Work order >>
Below are records with pictures. Transcribe exactly, and only, the lines from the line with "Description: This upholstered" to the line with "新非遗手绘上色陶泥擦擦唐卡黄铜火焰纹圆形狮子嘎乌盒吊坠复古绳", both ends included, but not the pictures.

Dataset records >>
▬▬▬▬▬▬
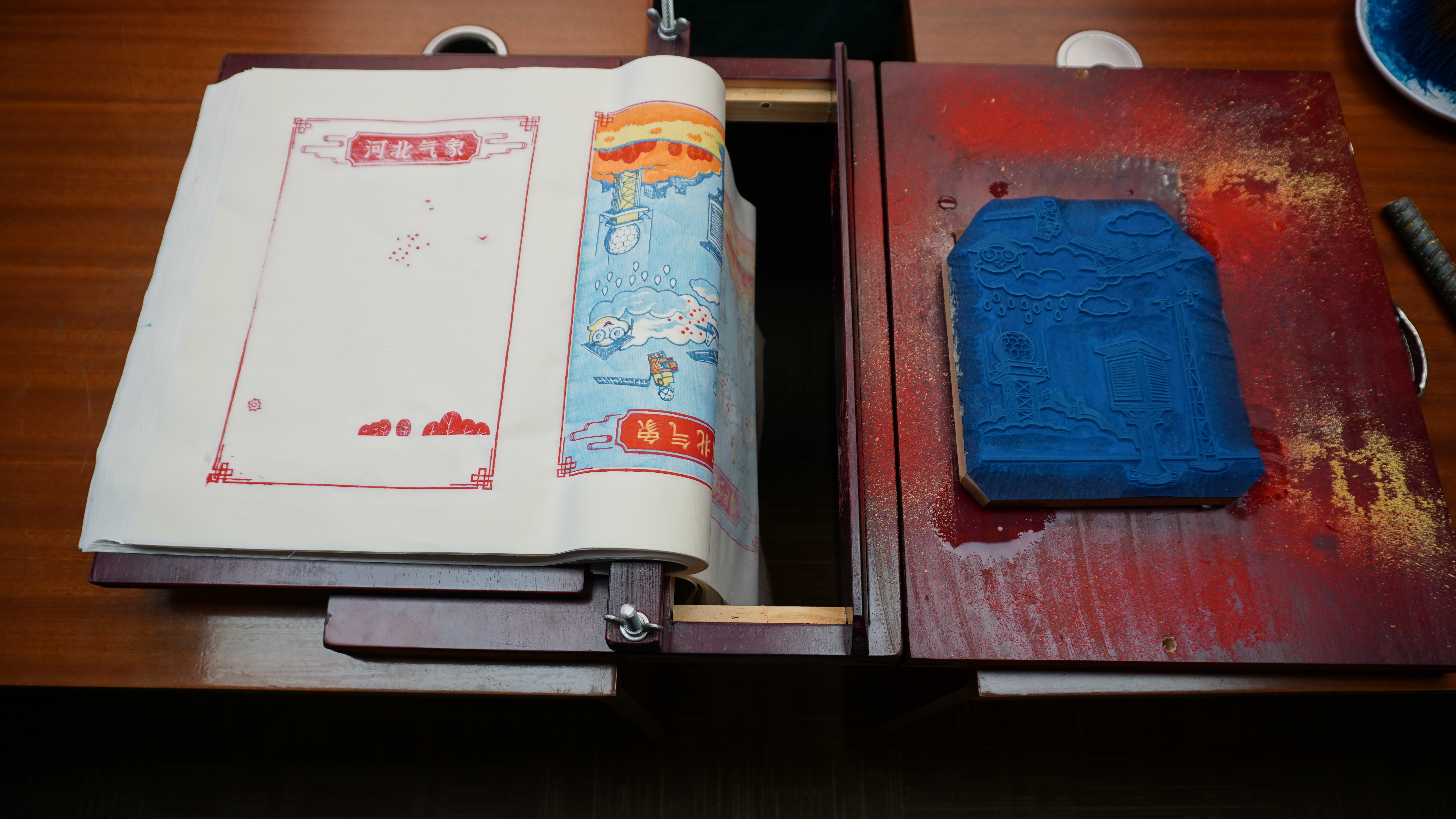 最具特色的是非遗武强年画动手实践区,本次活动创新将气象科普与武强木版年画融合,邀请专业指导老师带领青少年创作气象主题年画,把气象知识融入传统艺术,让孩子们在指尖传承中感受文化底蕴,实现科普效果与艺术性的双重提升。
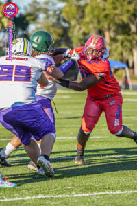 Lining up at running back in both the scrimmage and Showcase game, Glenn embraced contact and thrived in traffic. His most impressive moment came on a rugged 21-yard touchdown run where he stiff-armed a defender, lowered his shoulder, and powered into the end zone. That play summed up his playing style—physical, fearless, and determined.
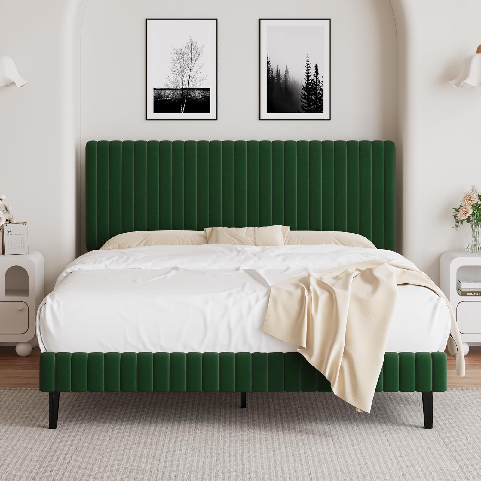 Description: This upholstered bed frame is made of high-quality metal and wood frame with a durable headboard. The platform bed frame with headboard has a classic straight-line design that will add a splash of color to your room. Features: - Modern velvet headboard and footboard - Straight line design gives you a more spacious feel - High-quality materials - Comfortable sleeping environment - Decorate your room Specification: Material: Wood, Metal, Velvet Size: Twin/Full/Queen/King Color:Pink/Black/White/Navy Blue/Green Style: Modern Package Contents: - 1 x Bed Frame - 1 x Accessory Kit - 1 x Instructions Spacious and Comfy—The king platform bed frame is wrapped in high-grade velvet fabric, which is comfortable to touch, and the 10.6-inch high platform design makes it easy to get in and out of bed Modern and Elegant—The adjustable headboard with straight lines makes the space feel more extended. At the same time, the square bed frame is classic and practical, suitable for any room decoration Sleep Peacefully—Each supporting leg is equipped with a foot pad, and the supporting rod is equipped with a sponge pad to reduce noise and ensure a good sleep Sturdy Frame Construction—The upholstered bed frame king features a solid steel frame and 12 sturdy wooden slats with 12 legs connected by screws for durability and stability Easy Assembly—Our velvet bed frame with headboard is designed for easy and hassle-free assembly. With clear instructions and all the necessary tools, you can quickly complete the installation in a short time
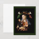 Bonito arte vintage para las vacaciones de Messina. Madonna sostiene al Bebé Jesús como un ángel que acoge adoración desde arriba.
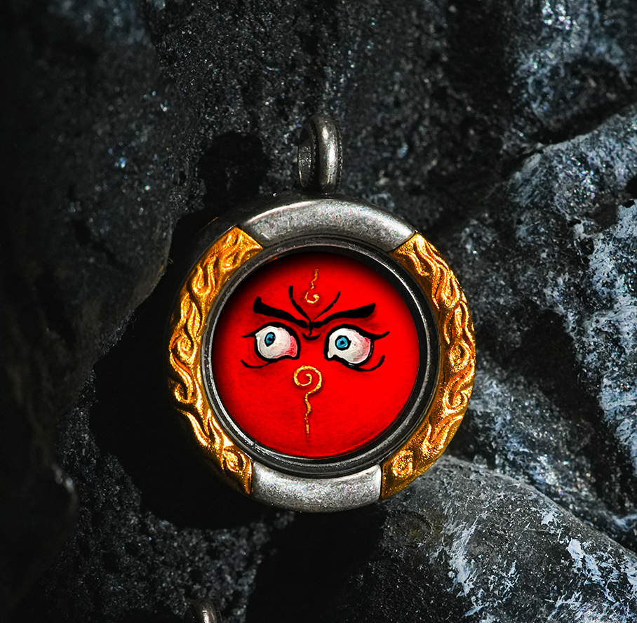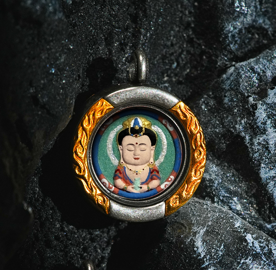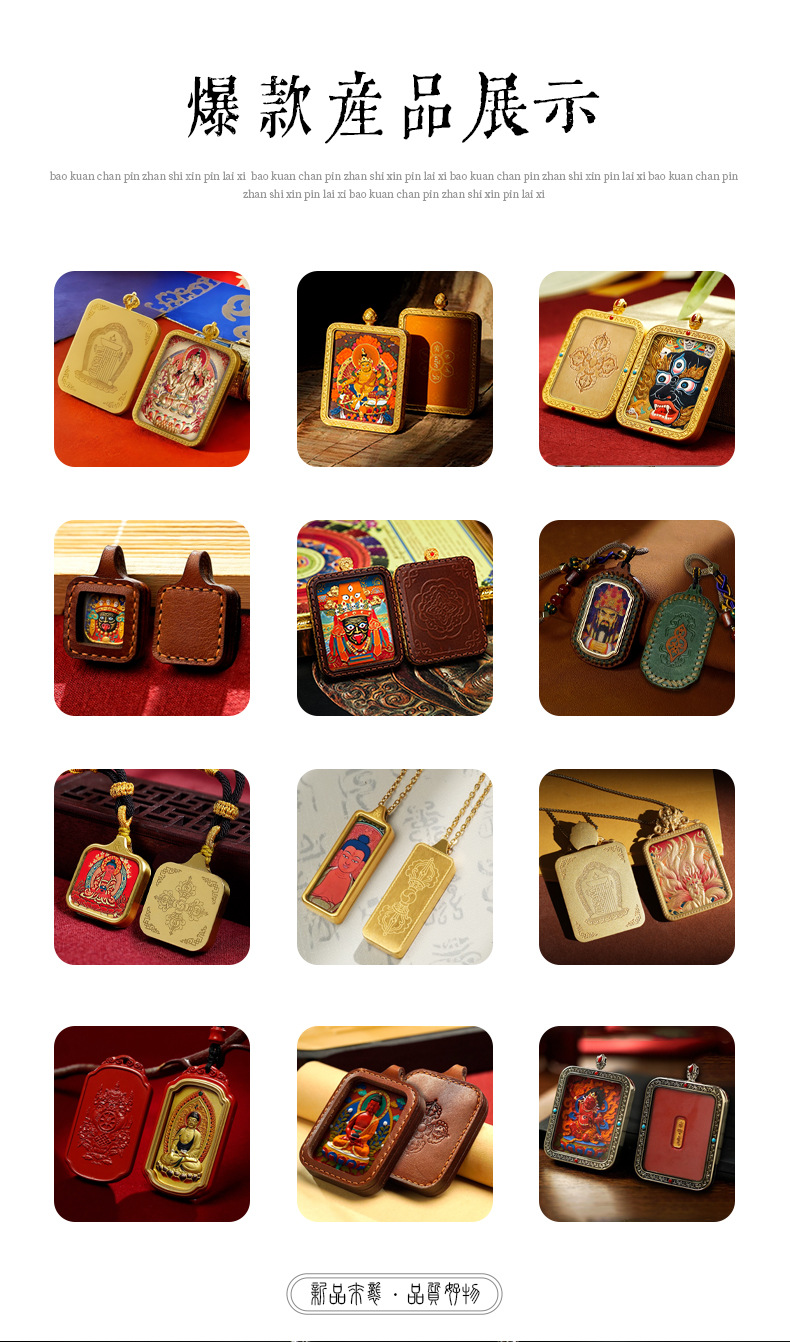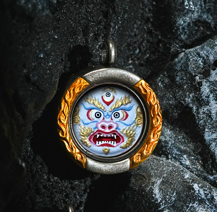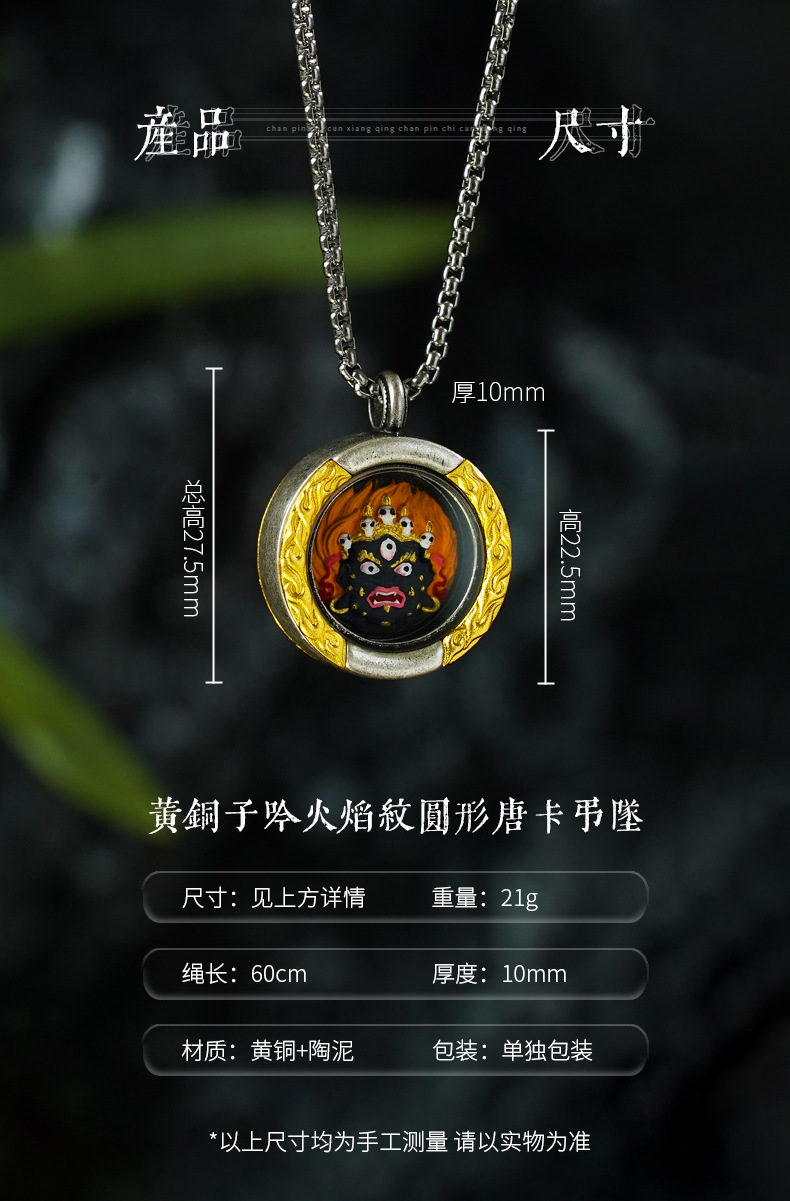 新非遗手绘上色陶泥擦擦唐卡黄铜火焰纹圆形狮子嘎乌盒吊坠复古绳
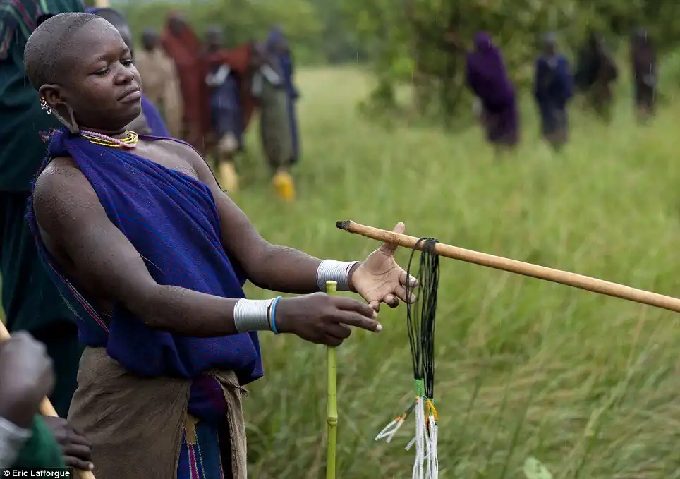 По окончании боя победитель протягивает свою палку в сторону понравившейся девушки, и если она повесит свое ожерелье на его копьё, это значит, что она счастлива стать частью его жизни.
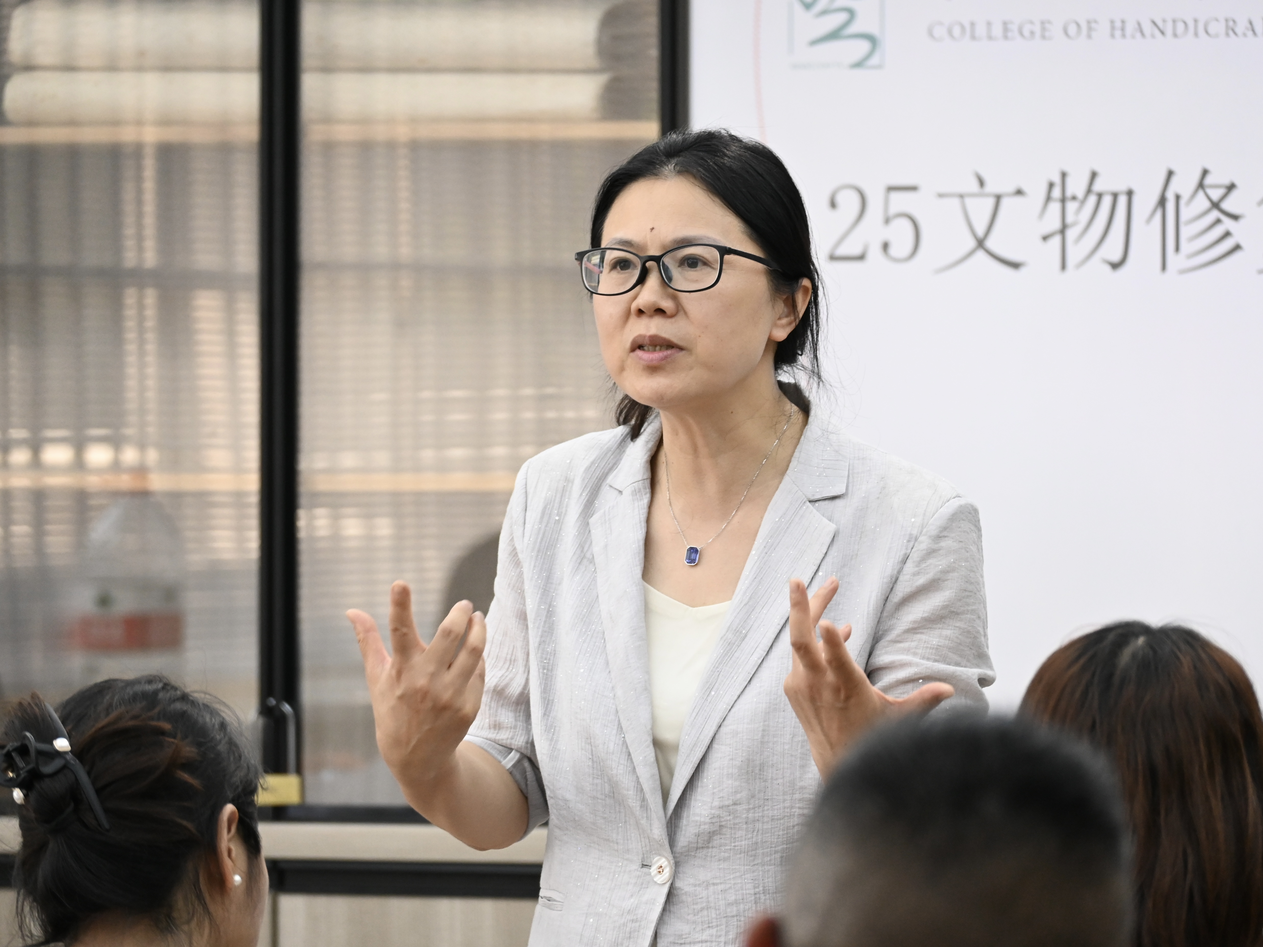 为加强家校联动,帮助家长明晰学院育人环境与学生培养方案,当天下午,手工艺学院召开2025级文物一贯班新生家长会。手工艺学院领导班子、辅导员、新生班主任、班助、文物修复与保护教研室教师团队和全体新生家长共同参会,会议由党总支副书记陈琳主持。
▬▬▬▬▬▬
Task output >>
 Description: This upholstered bed frame is made of high-quality metal and wood frame with a durable headboard. The platform bed frame with headboard has a classic straight-line design that will add a splash of color to your room. Features: - Modern velvet headboard and footboard - Straight line design gives you a more spacious feel - High-quality materials - Comfortable sleeping environment - Decorate your room Specification: Material: Wood, Metal, Velvet Size: Twin/Full/Queen/King Color:Pink/Black/White/Navy Blue/Green Style: Modern Package Contents: - 1 x Bed Frame - 1 x Accessory Kit - 1 x Instructions Spacious and Comfy—The king platform bed frame is wrapped in high-grade velvet fabric, which is comfortable to touch, and the 10.6-inch high platform design makes it easy to get in and out of bed Modern and Elegant—The adjustable headboard with straight lines makes the space feel more extended. At the same time, the square bed frame is classic and practical, suitable for any room decoration Sleep Peacefully—Each supporting leg is equipped with a foot pad, and the supporting rod is equipped with a sponge pad to reduce noise and ensure a good sleep Sturdy Frame Construction—The upholstered bed frame king features a solid steel frame and 12 sturdy wooden slats with 12 legs connected by screws for durability and stability Easy Assembly—Our velvet bed frame with headboard is designed for easy and hassle-free assembly. With clear instructions and all the necessary tools, you can quickly complete the installation in a short time
 Bonito arte vintage para las vacaciones de Messina. Madonna sostiene al Bebé Jesús como un ángel que acoge adoración desde arriba.
 新非遗手绘上色陶泥擦擦唐卡黄铜火焰纹圆形狮子嘎乌盒吊坠复古绳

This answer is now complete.